I looked down at my hands in my lap, pulling at a loose thread on my jeans. "I was drunk, you should have immediately disregarded it." As if he would, that guy absorbs and remembers things like a freaking leach.
"We both know that what you said was true." He lifted his gaze off his shoes, watching me as I began to feel more and more uncomfortable.
"Don't profile me Hotch, you know I don't like it." I narrowed my eyes at him, leaning my head back so I was staring at the ceiling. "So, what if it was true? It doesn't look like you thought or feel the same way so why are you bothering me right now?"

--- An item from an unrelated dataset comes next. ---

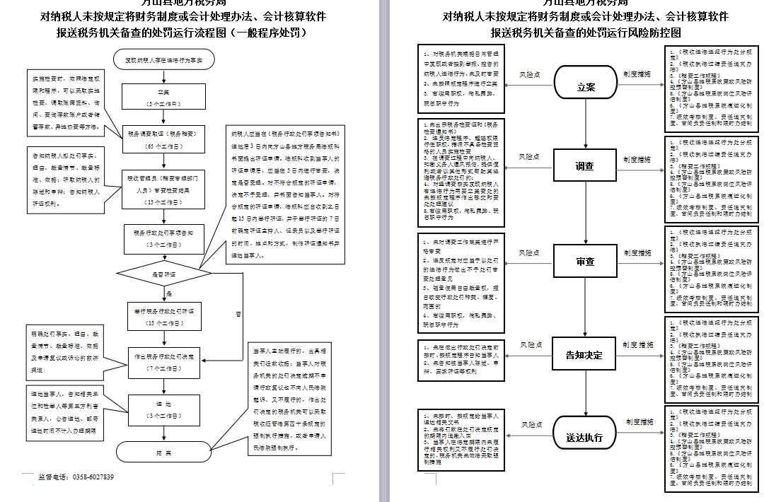 | 对纳税人未按规定将财务制度或会计处理办法、会计核算软件报送税务机关备查的处罚 | 【法律】《中华人民共和国税收征收管理法》第六十条 | 1、立案责任:税务机关根据日常管理中发现或者接到举报、控告的纳税人未按规定将财务制度或会计处理办法、会计核算软件报送税务机关备查等违法行为案件,应予以审查,决定是否立案。 2、调查责任:指定专人负责,对未按规定将财务制度等报送税务机关备查等违法行为证据调查取证,与当事人有直接利害关系的应当回避。执法人员不得少于两人,调查时应出示执法证件,允许当事人辩解陈述,执法人员应保守有关秘密。制作调查检查报告。 3、审查责任:对未按规定财务制度等报送税务机关备查等案件的违法事实、证据、调查取证程序、法律适用、处罚种类和幅度、当事人的陈述和申辩理由等方面进行审查,提出处理意见。 4、告知责任:做出未按规定财务制度等报送税务机关备查等违法行为行政处罚决定前,应书面告知当事人违法事实及其享有的陈述、申辩、要求听证等权利。 5、决定责任:制作行政处罚决定书,载明行政处罚告知、当事人陈述申辩或者听证情况等内容。 6、送达责任:将行政处罚决定书按法律规定的方式送达当事人。 7、执行责任:将罚款在处罚决定规定的期限内追缴入库。当事人在法定期限内不申请行政复议或者提起行政诉讼,又不履行处罚决定的,税务机关可依法采取加处罚款、查封扣押或向人民法院申请强制执行等措施。 8、其他法律法规规章文件规定应履行的责任。 | 因不履行或不正确履行行政职责,有下列情形的,行政机关及相关工作人员应承担相应责任: 1、对未按规定将财务制度或会计处理办法、会计核算软件报送税务机关备查等违法行为的处罚应当立案的而未立案的; 2、对应当予以处罚的违法行为不予处罚的; 3、没有法律和事实依据实施行政处罚的; 4、违反法定的行政处罚程序的; 5、指派不具备法定行政执法资格的人员实施行政处罚的; 6、随意使用自由裁量权,擅自改变行政处罚种类、幅度、范围的; 7、对当事人进行罚款不使用法定单据的; 8、应当移送司法机关处理而不移送的; 9、依法应当举行听证而不举行听证或不按规定举行听证的; 10、未在规定时限内办理税务行政复议事项的; 11、私分、挪用、截留、非法占有税款、滞纳金、罚款的; 12、凭借职权向纳税人吃、拿、卡、要,敲诈勒索的; 13、因处罚不当给当事人造成财产损失等不良后果的; 14、在行政处罚过程中滥用职权、玩忽职守、徇私舞弊的; 15、其他违反法律法规规章文件规定的行为。 | 【法律】1.《中华人民共和国行政处罚法》第七章 2.《中华人民共和国税收征收管理法》(中华人民共和国主席令第49号)第七十六至第八十五条 【党内法规】《中国共产党纪律处分条例》 【规章】《税收违法违纪行为处分规定》(监察部、人力资源社会保障部、国家税务总局令〔2012〕第26号) 【规范性文件】1.《税收执法过错责任追究办法》(国税发〔2005〕42号) 2.《山西省地方税务局税务行政过错责任追究实施办法》(晋地税发〔2006〕112号ര | 一、行政处理:1.训诫或者书面告诫; 2.责令作出书面检查; 3.通报批评; 4.调离原岗位; 5.停职离岗学习; 6.责令辞去或建议免去领导职务; 7.取消执法人员执法资格; 8.经济惩戒; 二、行政处分:包括警告、记过、记大过、降级、撤职、开除; 三、党纪处分:警告、严重警告、撤销党内职务、留党察看、开除党籍。 四、其他法律责任 | ||||

He fell silent and I lifted my gaze, his eyes still on my face making my cheeks burn again. "Stop with the staring." I squirmed and he looked away.

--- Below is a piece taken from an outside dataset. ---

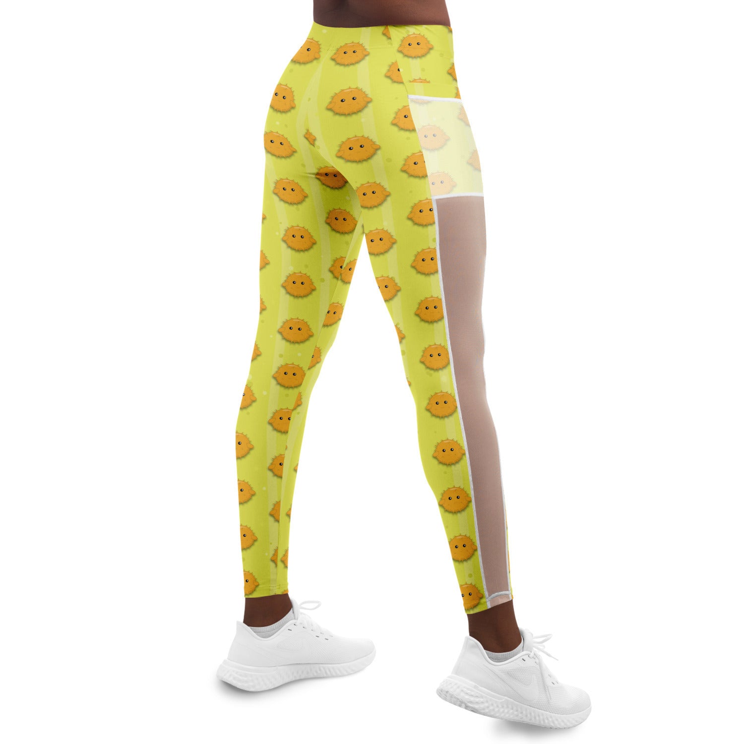 Do you love puffer fish? 🟡⚪Be ready at all times with this "Mesh Pocket Legging" that lets you hold your phone when you're on the go. They also come with mesh panels on the side for extra comfort. Crafted from a premium polyester and spandex blend, making them perfect for moments when both style and functionality matter. Our extra soft microfiber fabric with advanced four-way stretch make these a pleasure to wear for all occasions

"Clara, you have to understand that we work together. I'm not currently your boss but I will be again soon…" Hotch turned back to look at me and all I wanted to do was bury my embarrassed face in a pillow. "We wouldn't work, we'd spend too much time together and we would end up hating each other. I know you didn't like me at first…"
"I don't like you very much now…" I muttered and he sighed in frustration.
"Can't you be more mature about this? Your acting like a five year old."
My jaw dropped and I smacked him with the pillow, standing up. "Well then Mr Cantankerous, why don't you leave and safe us both the bother of this stupid and awkward conversation." I turned away from him, walking back to the kitchen to grab the wine out the fridge. "Oh and don't worry, I won't be leaving you any messages this time."
"Now you really are acting like a child." He growled, following me. "Would you just stop and listen to me?"
"Why? I've heard everything you've had to say. Why don't you tell me the real reason we could never work? It's not just because we work together is it? What are you not attracted to me? Too boring? Or is it because I'm how did you say it… Acting like a five year old?" I grabbed a glass and poured the wine to the top, Hotch rubbing his face with his hand.
"You're impossible." He hissed and I bit my lip. "I can see this was a mistake. I'll go."
"Good." I immediately replied, taking a few sips of wine before he stood there a moment, watching in case I wanted to say anything more.
"I'll see you tomorrow." Hotch turned and opened the door, shutting it firmly behind him. That wasn't exactly how I wanted my first evening back in DC to go but it wouldn't be normal if I didn't receive a little bit of drama. My eyes just looked at the bear he left on the side, my face dropping as the fake persona of not giving a shit disappeared now I didn't have to pretend anymore. I didn't always like Hotch, I guess maybe there was a small attraction but it was when we began to speak more, he'd text or call everyday if he wasn't on a rough case and I guess that small feeling grew a little bit more. I growled, putting the glass down and running my fingers through my hair – tomorrow is going to be incredibly awkward, I just hope nobody else notices.